Key gaps in the British military have been outlined by defence expert Hamish de Breton Gordon, who said the armed forces needs “significant investment”. The chemical weapons expert told the Daily Express that the UK needs to put more money into hardware – particularly focused on heavy metal, armour, artillery and drones – if the UK wants to join the US and NATO in defending the West against growing threats from China and Russia. He warned that the UK focuses too much money on cyber security and large maritime projects, warning that Britain currently does “not have the right balance”.
On Wednesday, Chancellor Jeremy Hunt announced a further £5billion for the Ministry of Defence across the next two years, with £11billion being allocated over the course of 5 years.
Speaking to the Daily Express about how the UK should allocate funding, Mr De Bretton-Gordon said: “The sort of equipment the army will need will be heavy metal armour, artillery and drones.
“This is going to require quite a significant investment in hardware in order to get to get the British military up to a viable state so that it can pay its pass along with the US and allies in NATO.”
He added: “Perhaps some of the money is too focused on cyber security and perhaps large maritime projects.
“It might well be that they need to be reconsidered and focus more on the heavy metal that I’ve been talking about.
“Ultimately, Britain requires a comprehensive defence capability covering land, air and sea.
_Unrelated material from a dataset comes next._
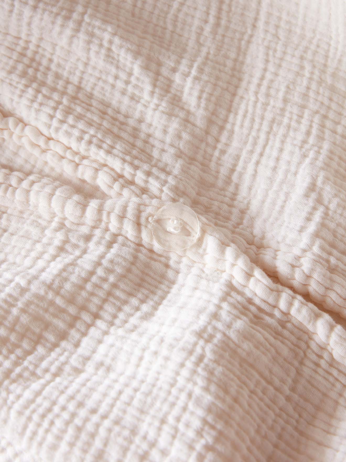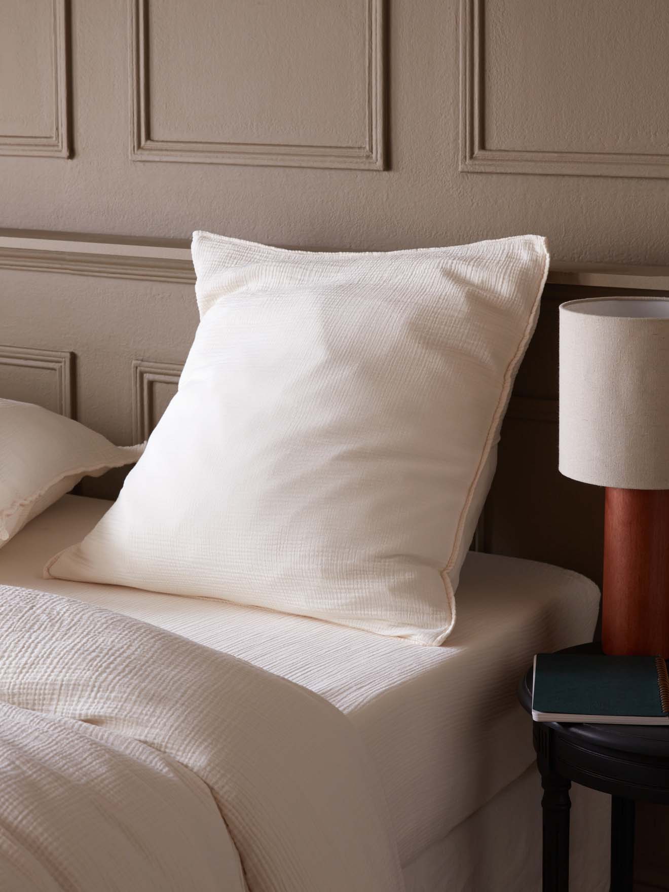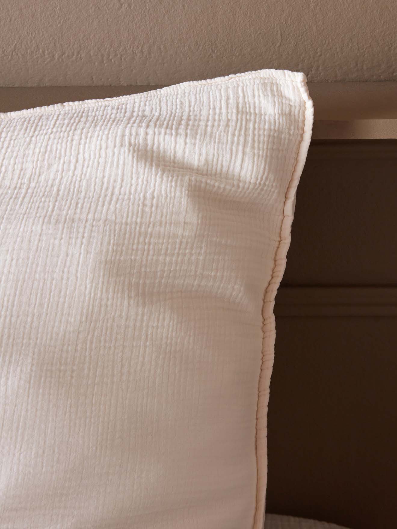 Taie d'oreiller en gaze de coton tissée et confectionnée au Portugal. Son aspect légèrement gaufré procure une sensation de confort doux et aérien.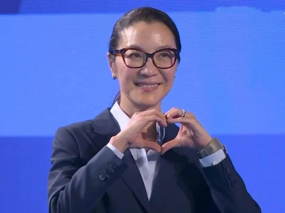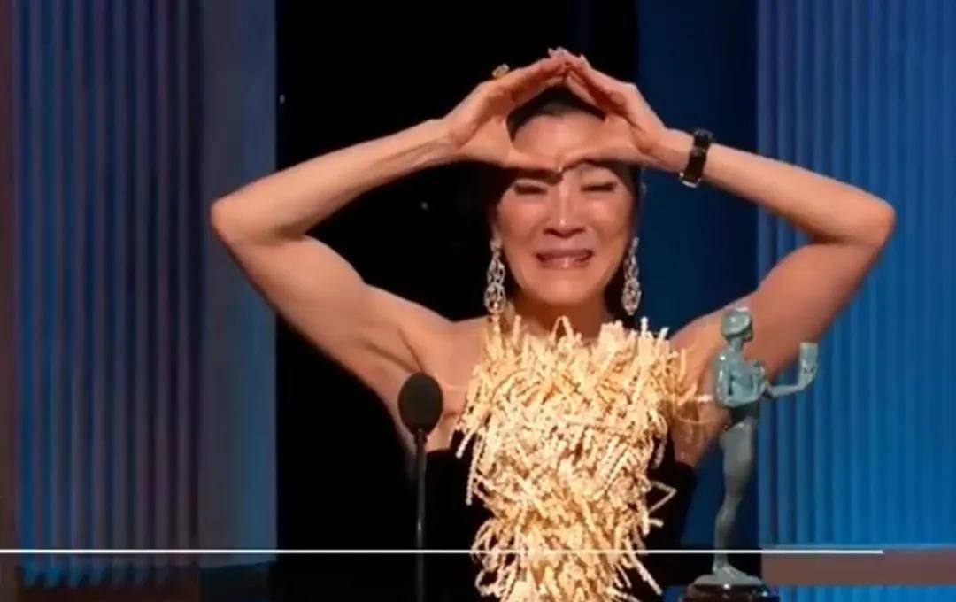 更令人疑惑的是,杨紫琼获评美国演员工会奖最佳女主角上台领奖时,非常刻意地做了一个奇怪的举动,用双手在头顶摆了一个像三角形的手势。(肯定不是比心吧?)

And at the moment, we probably don’t have the right balance.”
Mr De Bretton-Gordon said the UK should increase defence spending to 3 percent, warning that an “inflationary increase will barely ruffle the surface”.
But the investment announced at the budget will take Britain up to spending just 2.25 percent of GDP on defence.
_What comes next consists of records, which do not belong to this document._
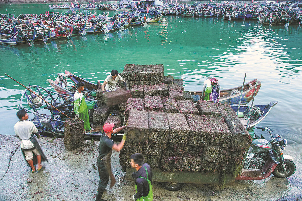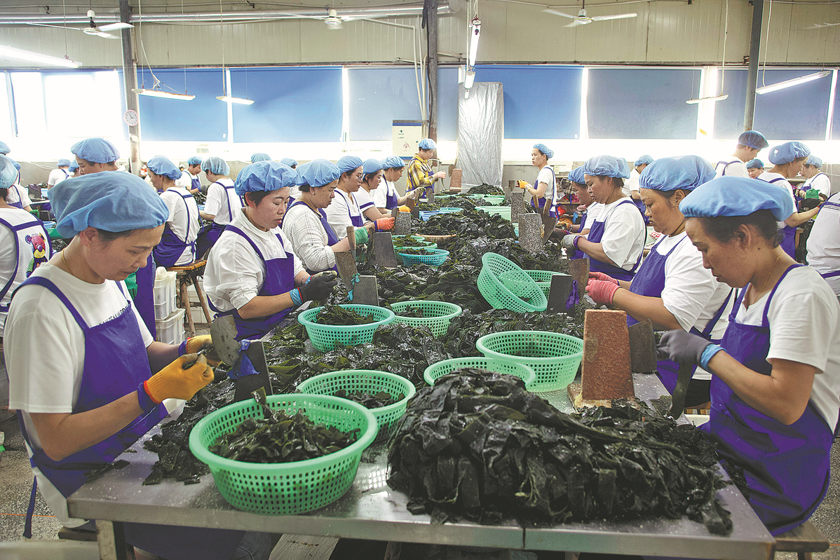 Workers sort kelp for processing at a factory workshop in Ningde in March. HU MEIDONG/CHINA DAILY
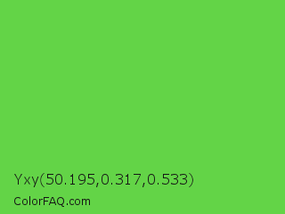 Yxy 50.195,0.317,0.533 Color is a normal green color and the nearest color is Mantis #74c365. Hex code #63d447 and RGB value is rgb(99,212,71). In RGB color space, this color is composed of 39% red, 83% green, 28% blue, In CMYK color space, this color is composed of 53% cyan, 0% magenta, 67% yellow , 17% black , In HSL color space, this color has a hue angle of 108° , 62% saturation and 55% lightness.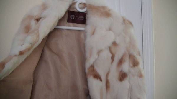 New natural white rabbit jacket. Not used. Smocking-free home. No pets.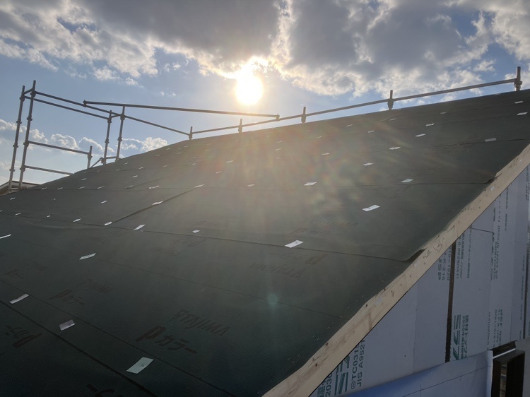 屋根のルーフィングを張っています。

Defence Secretary Ben Wallace had campaigned for an increase of £8 to 11 billion over two years but instead got £5billion for two years and £11billion total for five years.
The Chancellor said he is “proud we’re giving Ukraine more military support than anyone else in Europe.”
Defence Select Committee Chair Tobias Ellwood dismissed the funding.
He told the Daily Express: “All smoke and mirrors I’m afraid. I welcome the investment in the nuclear deterrent and the replenishment of weapons stocks but when you take that money out it leaves the MoD with about £1billion a year which is in effect a real terms cut.
“There will be even less when you account for taxes and expenses.
“It means our conventional forces remain hollowed out as the threats come over the hill.”
Tory MP Colonel James Sunderland said: “It’s a step in the right direction but still may not be enough to future-proof our HM Forces, particularly the Army, against the totality of threats we continue to face in an increasingly unstable world.
“I welcome the commitment to 2.5 percent of GDP – the imperative now is to translate this quickly into operational capability.”